Chapter 1
One
Penny
Hands on me. Too many, too much. Clawing hands digging into skin, holding me down, forcing and pushing. Even when I cried, tried to fight back, used my teeth in their palms to make them stop, it never happened.
Flashes of the before, standing and smiling at the table, handing him his drink, warred with the during, the pressure and pain. The after, when I turned the tables, that’s what made me strong. Those moments, when I made him bleed, made him cry, that’s what got me through everything.
Through the look of despair on my mother’s face when she saw me in my orange jumpsuit for the first time. Through the accusations and evidence on display, the disgust from the reporters, from the families.
Yeah, those last glimpses of life, in my control, after they were so evil.

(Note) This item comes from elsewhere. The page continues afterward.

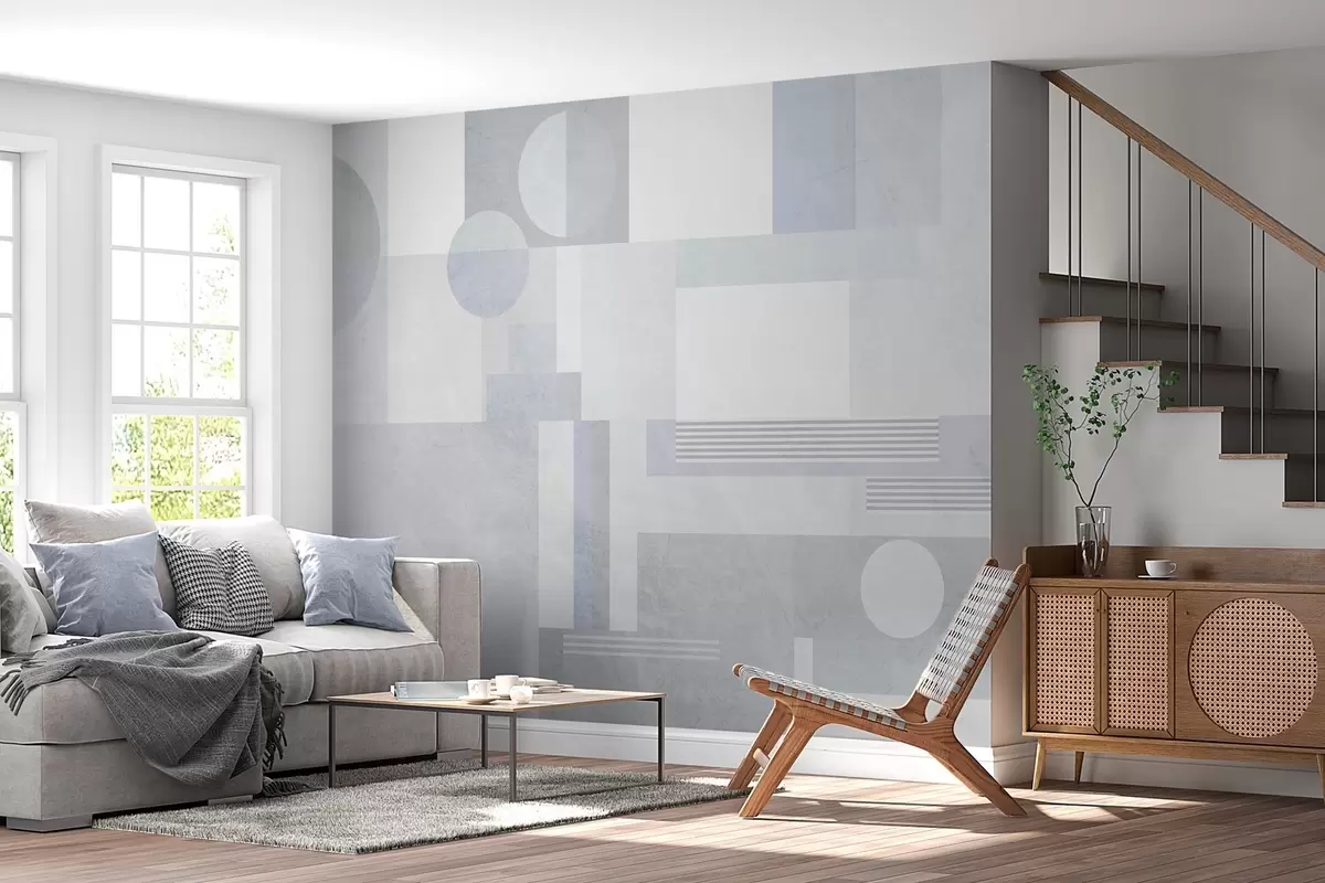 Fototapet abstrakt geometri i gråblå toner Nr. w04635v2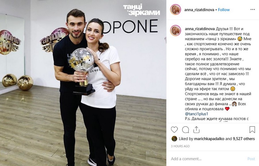 "Вот и закончилось наше путешествие под названием "Танці з зірками". Мне, как спортсменке, конечно же, очень сложно проигрывать. Но и в то же время я понимаю, что наше серебро на вес золота!" - отметила Ризатдинова.

That could get me through almost anything.
I hated crowds.
But at least these crowds were just women, the odd bossy man, but mostly women, in the same situation as me. Eight years in prison and I still loathed everyone as much as on that first day I was dragged behind these walls.
The mess hall was quietening down, the perfect time to try to sweep up the last of whatever was left on the food line without sweaty bodies and masticating mouths.
It was loud as I moved through the narrow halls, a sea of faded orange polyester and blotchy faces, scoffing up the last of their bland meals.
They stressed me out — too political, too tense.
They laughed at the newbies, flirted with the guards to get their little treats, and held onto grudges for years.
I always preferred the enforced quiet time, and now was not that. Head down, business to myself. Get my belly filled and get out.
But that hadn’t worked so well for me today, because fucking Mandy, an old tramp who’d begun her sentence around the same time as me, had a problem, it seemed.
A problem with my face, she said.
She lunged at me again, skidding over one of the long metal tables and smashing through someone’s cold mashed potatoes. I snorted as I watched her scramble her ass back up and turn to me, globs of beige mush on her shirt and splattered on her cheek.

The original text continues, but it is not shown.